DATASET RECORDS
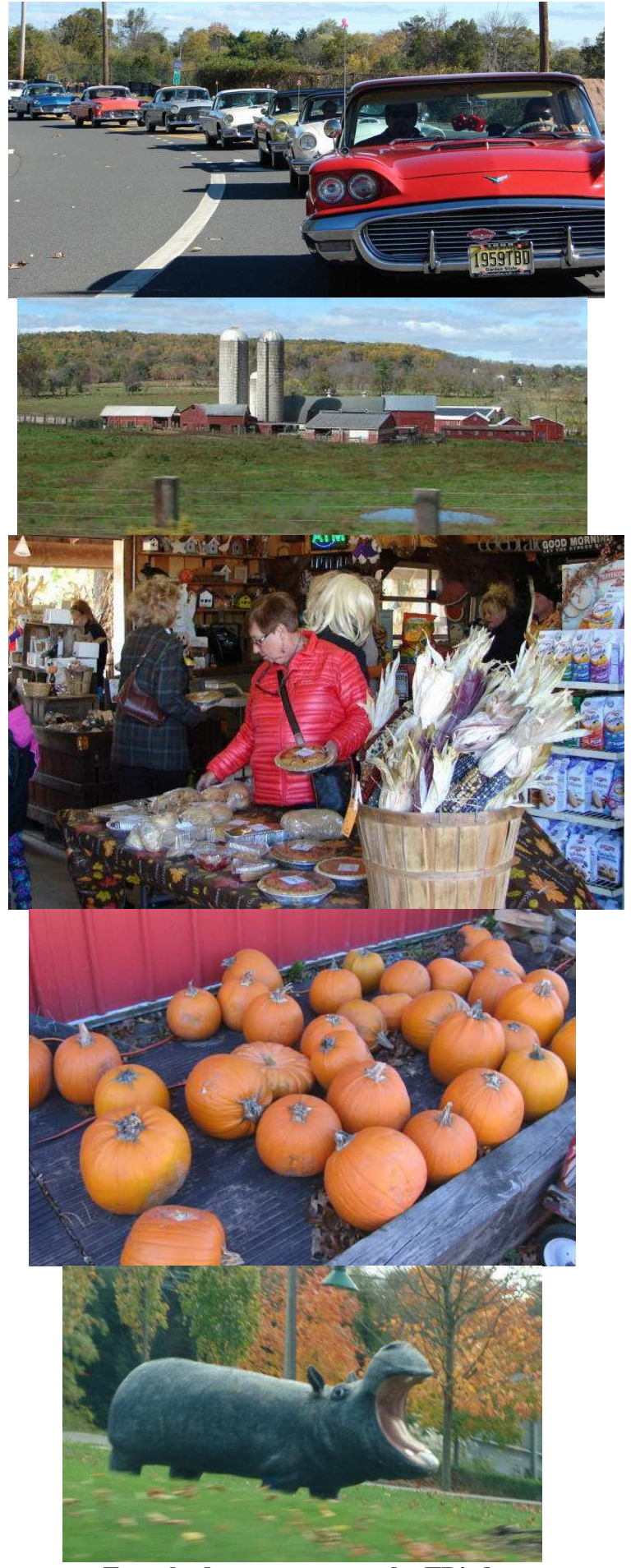
Everybody was agape at the TBirds
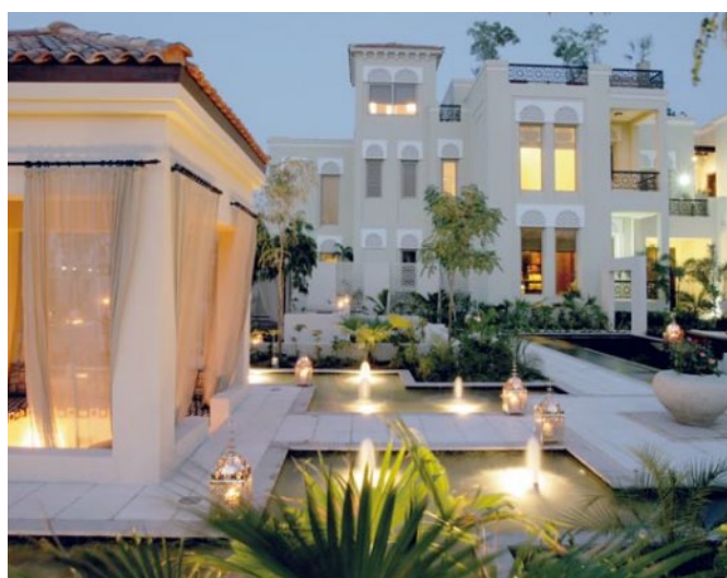
Al Barari Villas, Nad Al Sheba, Dubai
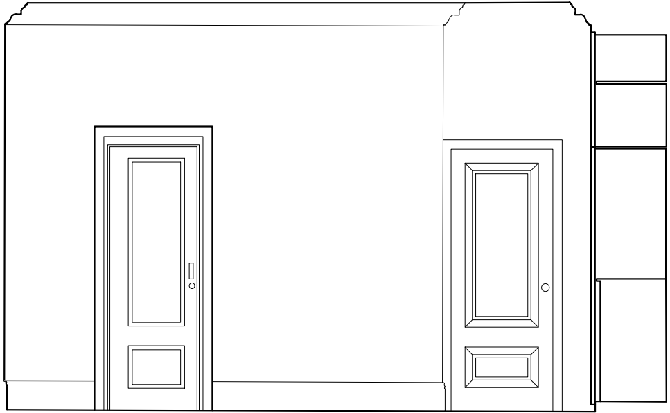
ELEVATION B - EXISTING
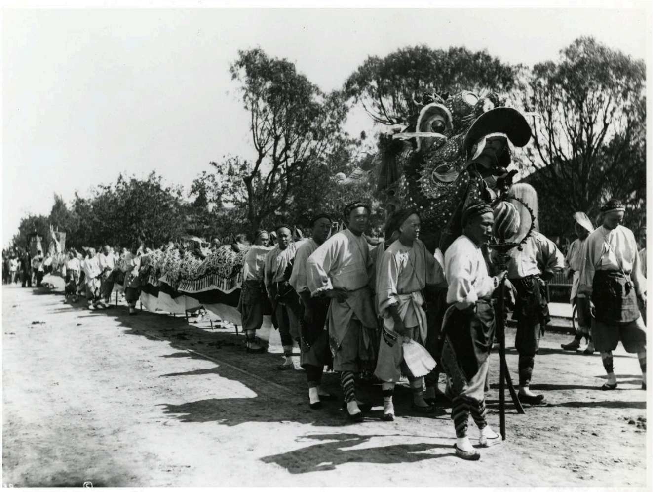
Chinese Dragon Procession
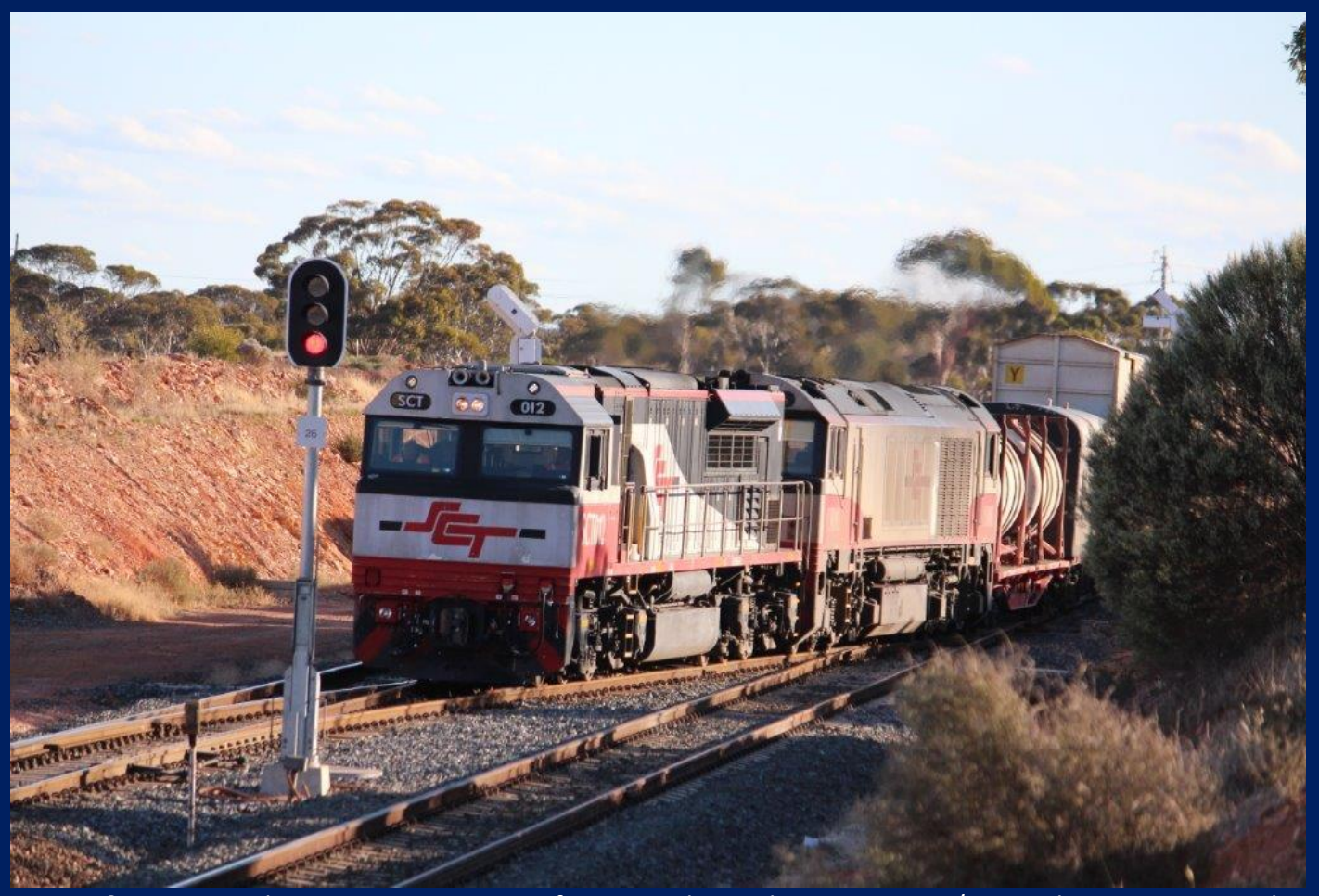
SCT012 & CSR003 on late 3PG1 crossing over from main line to loop at WEK 23/8.
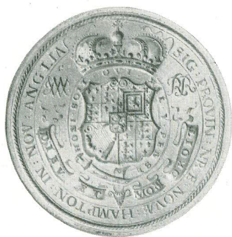
WILLIAM AND MARY 1692-1694
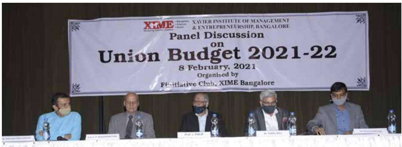
Panel Discussion on Union Budget 2021-22.
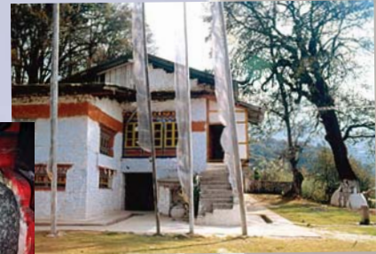
Ugyeling near Tawang where the Dalai Lama was educated
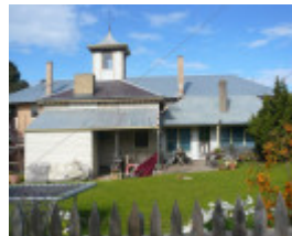
Bronte, 11-13 Learmonth Street, Queenscliff
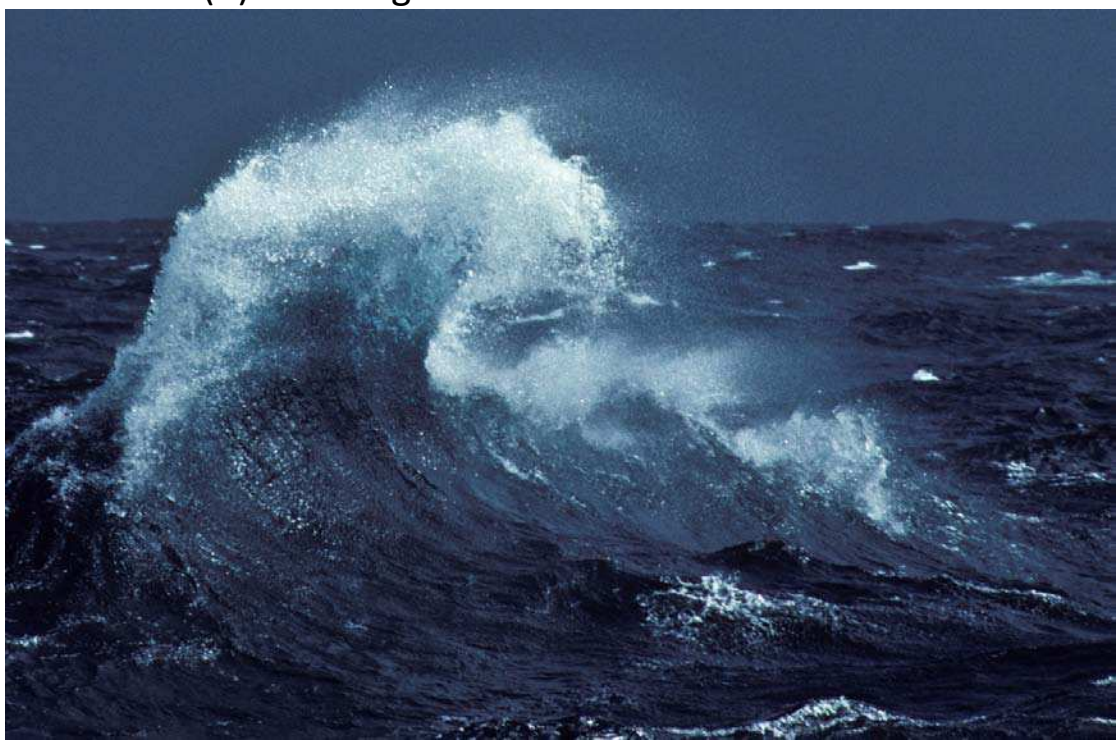
Figure 1 (a) The Great Wave off Kanagawa (Kanagawa-oki nami-ura) woodcut by Katsushika Hokusai. (b) Photograph of a breaking wave in the sub-Antarctic waters of the Southern Ocean taken from the French research vessel Astrolabe during one of its regular voyages between Hobart and the Dumont d'Urville Station in Adélie Land. Note the transverse and longitudinal localization of the wave that is remarkably similar to that depicted by Hokusai.
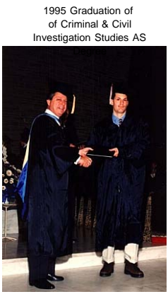
1995 Graduation of Criminal & Civil Investigation Studies AS
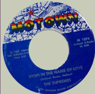
The Supremes: #1 this week in 1965
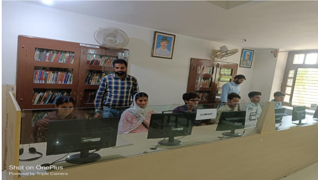
Shot on OnePlus Powered by Triple Camera
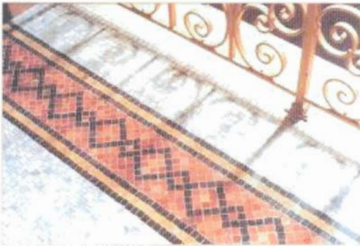
Detail of Inlaid Mosaic Floor

Two additions, the first of which was completed in 1932, added five stories, a basement and sub-basement on the south side of the original structure, and a second, completed in 1941, added two additional floors. Like the 1899 structure, the exterior is clad in granite and includes some arched fenestration to replicate the original design. However, owing to both architectural and economic considerations, the addition lacks both the gable and steeply hipped slate roof as well as much of the ornamentation found in the original design. The interior corridors and lobbies are marked with much less ornamentation, which includes steel doors and frames rather than traditional raised-panel wood doors and frames, terrazzo floors rather than marble, and more limited ornamentation in the plastered ceilings.
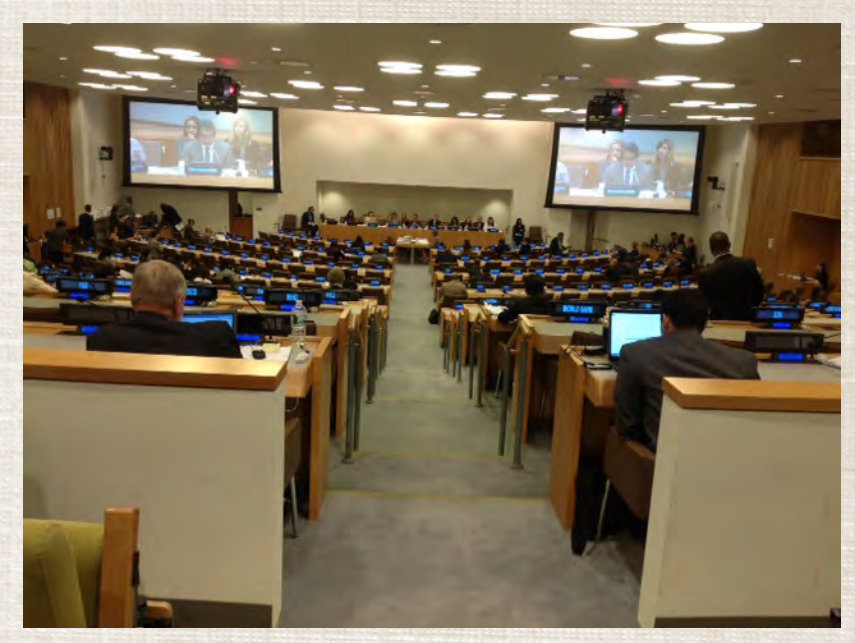
UNITED NATIONS WORLD CONFERENCE ON INDIGENOUS PEOPLES

organizations in the United States, and supported by resolutions of the National Congress of American Indians and the Assembly of First Nations.
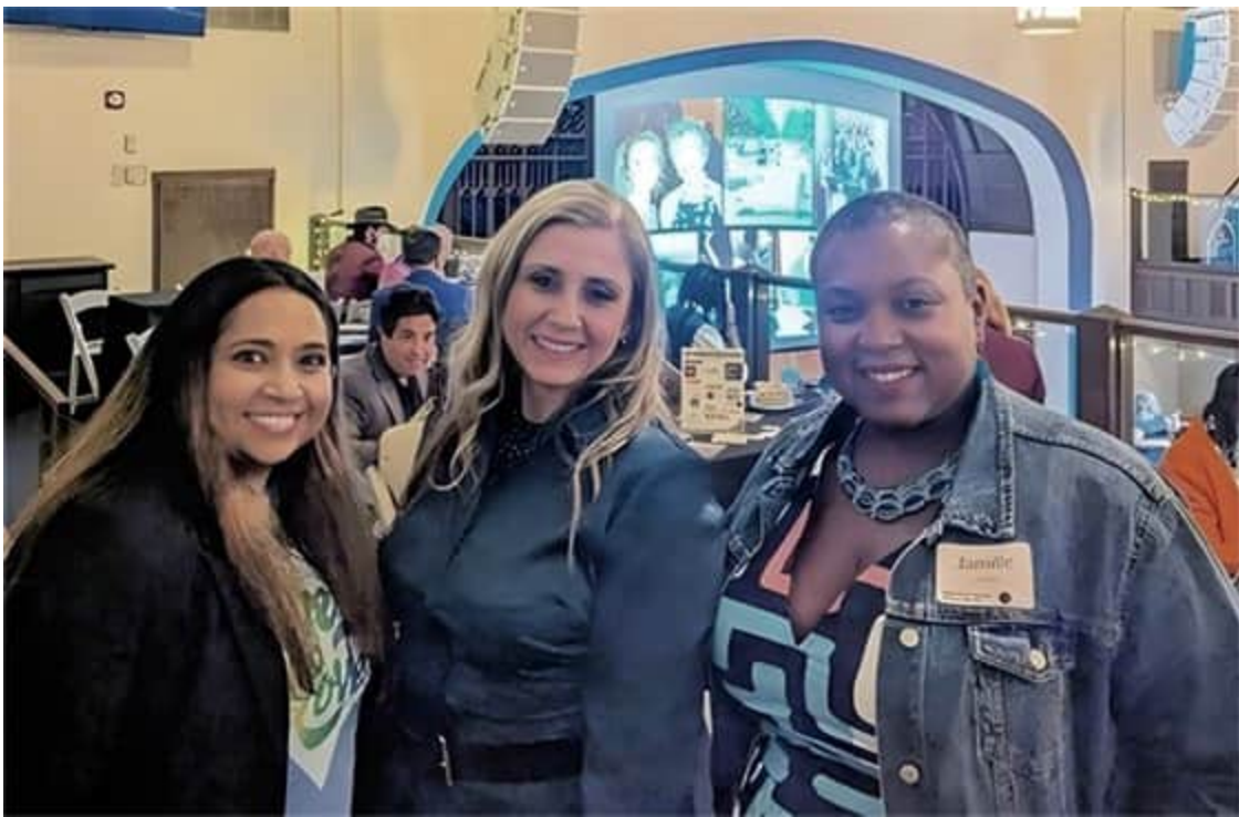
Councilmembers & City Attorney attended Equality Ohio's Advocates & Allies 2025 event.
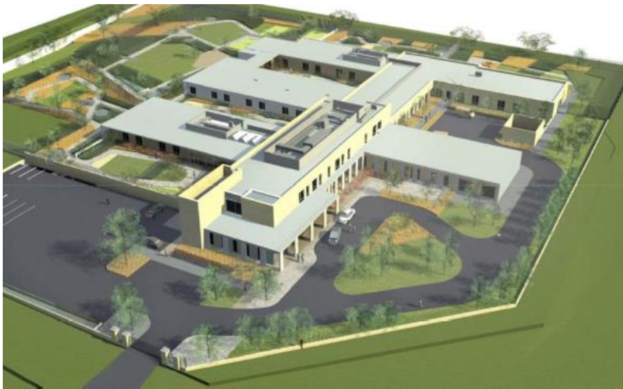
^^ Aerial view of the Department of Psychiatry

This project at Drogheda, Co. Louth, Ireland saw the construction of a new two storey structure to provide an Acute Psychiatric inpatient facility.

WHAT THIS TASK INVOLVES
Write out the lines above from the one with "WILLIAM AND MARY 1692-1694" through the one with "Bronte, 11-13 Learmonth Street, Queenscliff", ends included, exactly; no picture goes in.

RESPONSE
WILLIAM AND MARY 1692-1694
Panel Discussion on Union Budget 2021-22.
Ugyeling near Tawang where the Dalai Lama was educated
Bronte, 11-13 Learmonth Street, Queenscliff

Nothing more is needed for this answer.